The Ultimate Price In addition to his controversial words on the Blasphemy Law, Taseer called for the release of Bibi, an act of courage that he must have known was a risky move. In a Twitter posting shortly thereafter, Taseer wrote, "I was under huge pressure sure 2 cow down b4 rightist pressure on blasphemy. Refused. Even if I'm the last man standing."
And tragically, he isn’t standing anymore. It was the governor’s defense of Asia Bibi that made him what Center for Security Policy Senior Fellow Clare Lopez called “a marked man from the moment he spoke.” For his courage, Salman paid the ultimate price, perishing under a hail of twenty-seven bullets fired by his own bodyguard on January 4.
Twenty-seven bullets. There was nothing indistinct about this killer’s intentions. There was nothing blurred or unclear, for he used not one bullet, not two or even three, but twenty-seven. If anything, this single act encapsulates a world of hatred and virulence against Christians and anyone who stands up for them.
‘Bravery can be fatal’ Reactions to Taseer’s death have run the gamut from fear and compliance to intensified bravery and courageous action.
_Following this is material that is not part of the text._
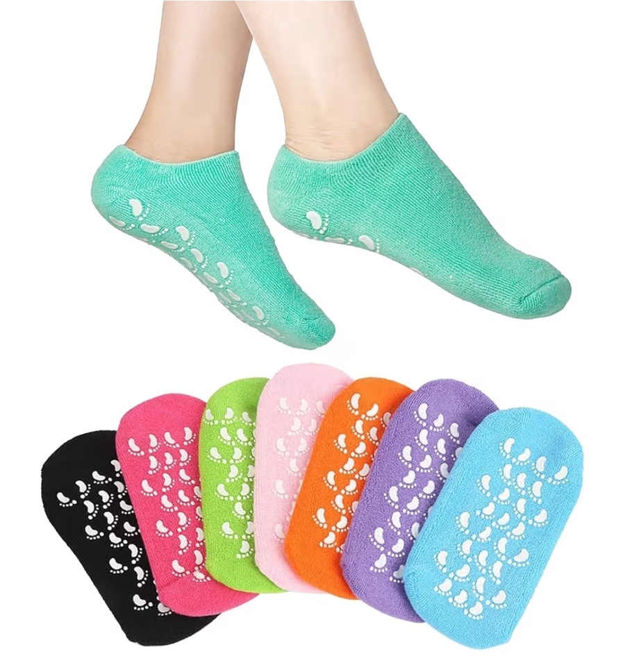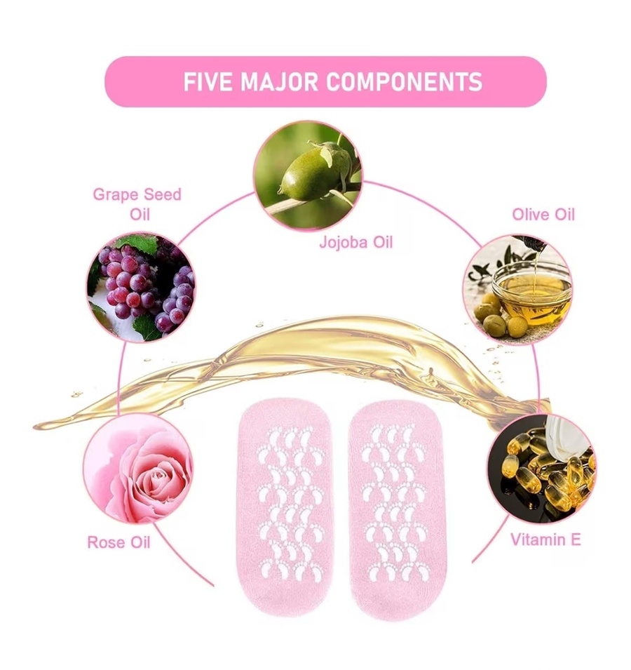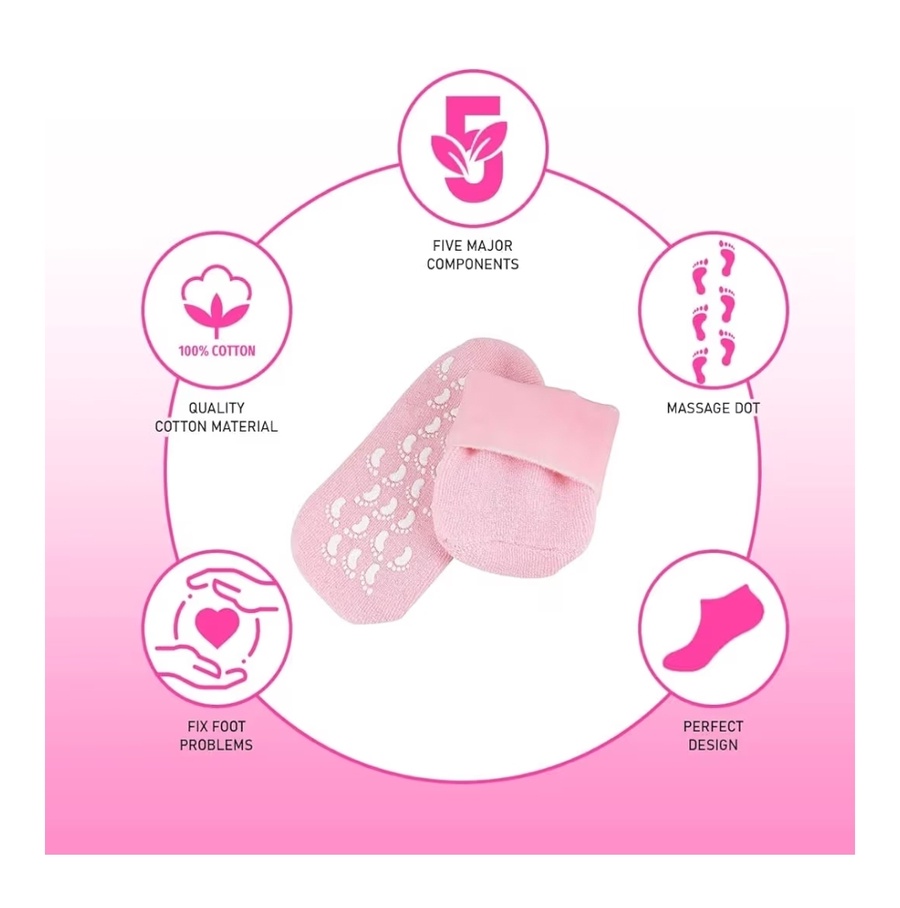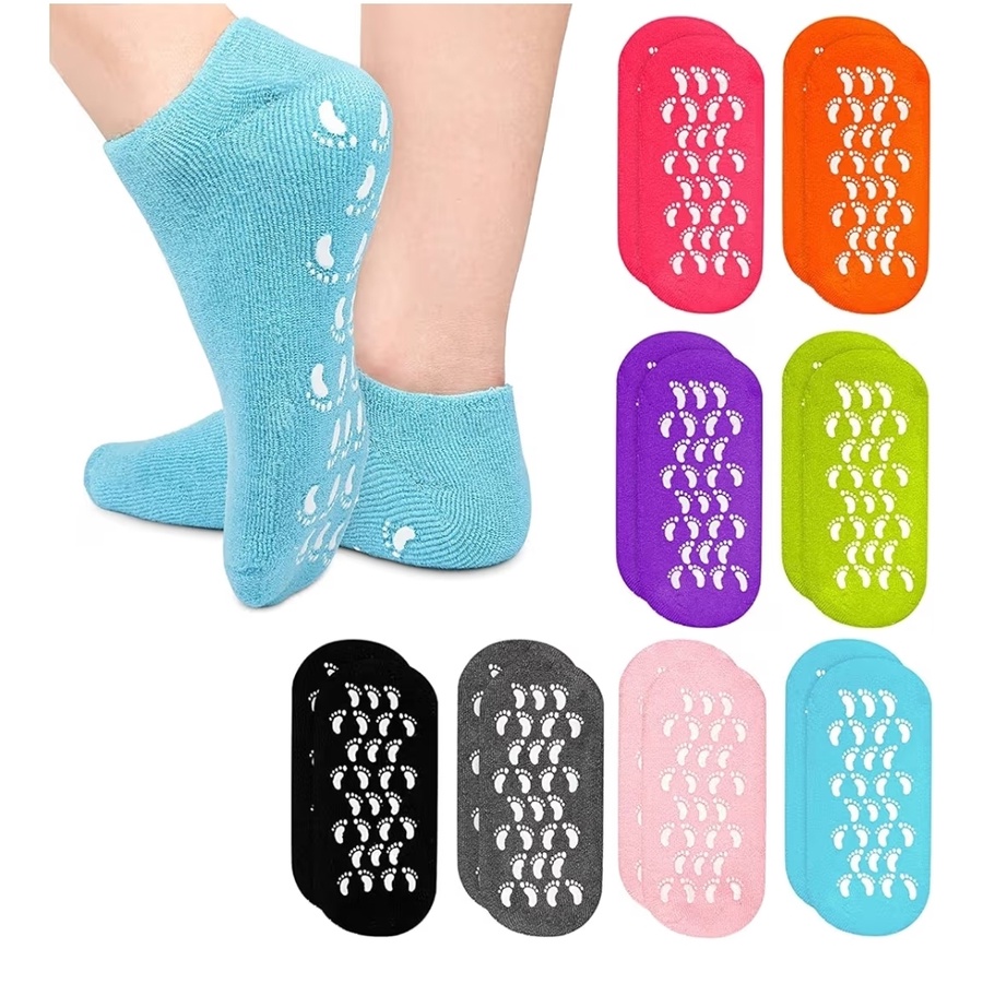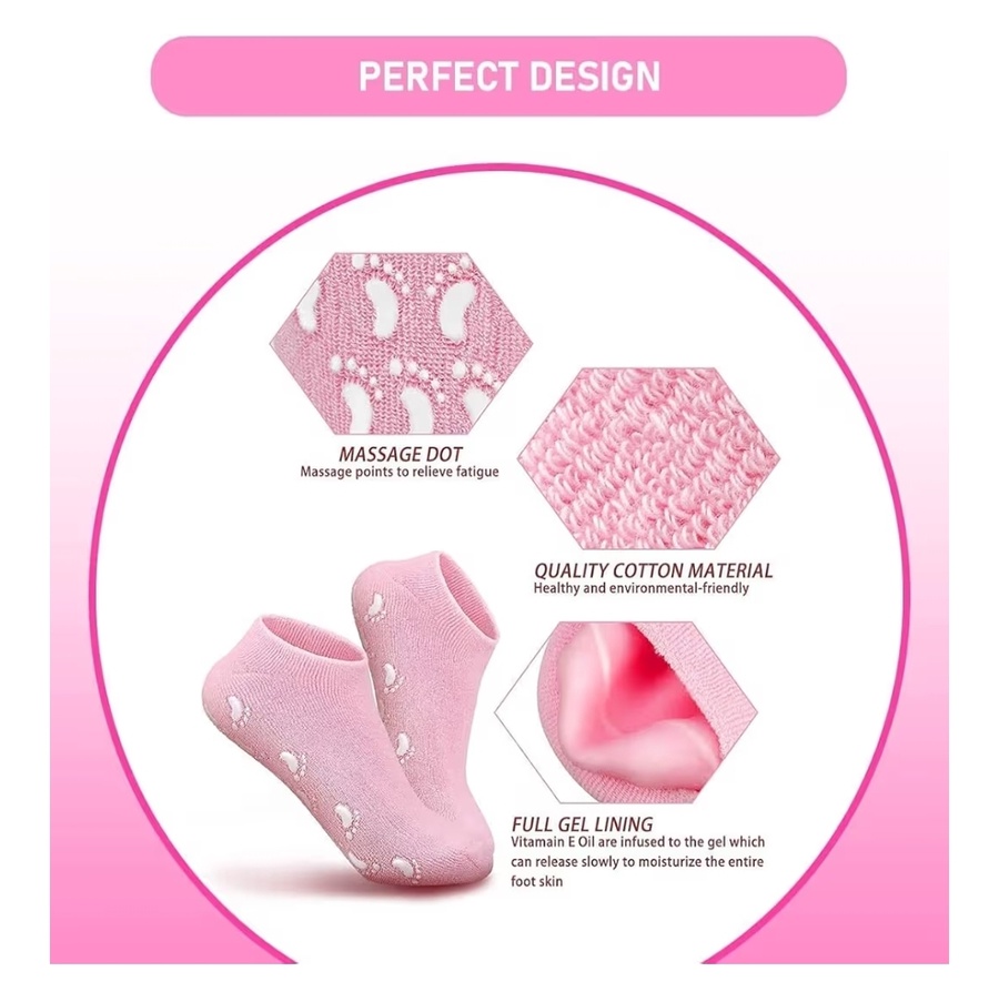 المواد المصنعة: مصنوعة من نسيج قطني ناعم وقابل للتنفس مع طبقة داخلية من "الجل" المرن الغني بالزيوت، ومزودة بنقاط سيليكون خارجية مانعة للانزلاق.

In what seemed to be an attempt to pacify the extremists, Pakistan’s Interior Minister Rahman Malik declared at a press conference: “If someone dishonors Islam in front of me, I will shoot him dead."
Yet an editorial in the leading British daily, The Times, indicates that Taseer’s heroic act has likely inspired the courage of others. “His support for Mrs. Bibi was a far braver act than it should have been. Bravery can be fatal in Pakistan, but as shown by the tens of thousands who defied intimidation to throng his funeral, it is far from uncommon.”
Indeed, even as 500 Muslim clerics signed a statement forbidding true Muslims to mourn the death of the fallen governor, thousands flocked to Taseer’s funeral. Joseph Francis, who has advocated for the rights of Christians in Pakistan for years, led a delegation of 200 Christians to the funeral, showing unabashed support for the man who had spoken so bravely for the minority community.
Twenty-Seven Bullets The courageous example of Salman Taseer should compel every Christian in every pew throughout the United States to speak out. If this Muslim man had the courage to voice his support for the unjustly imprisoned Asia Bibi, to put his very life on the line, to risk a volley of twenty-seven bullets to his back, then can we really ask anything less of ourselves? Asia is our own sister in Christ.
And this hounded, harassed, singled-out, and mistreated woman still awaits her appeal hearing in her prison cell in Sheikhpura, roughly 25 miles from the graveyard where her defender lies. The courageous voice that once spoke so strongly for her release has been brutally silenced. For her, his death must feel like the death of hope.
But it’s my prayer that the death of Salman Taseer will signal the beginning of a massive international outcry against the injustices suffered by the Christian Church in Pakistan.
According to figures quoted in Daily News and Analysis in India, 131 people are being held in jails across Punjab on blasphemy charges. Of those, eleven have been sentenced to death, including Asia Bibi.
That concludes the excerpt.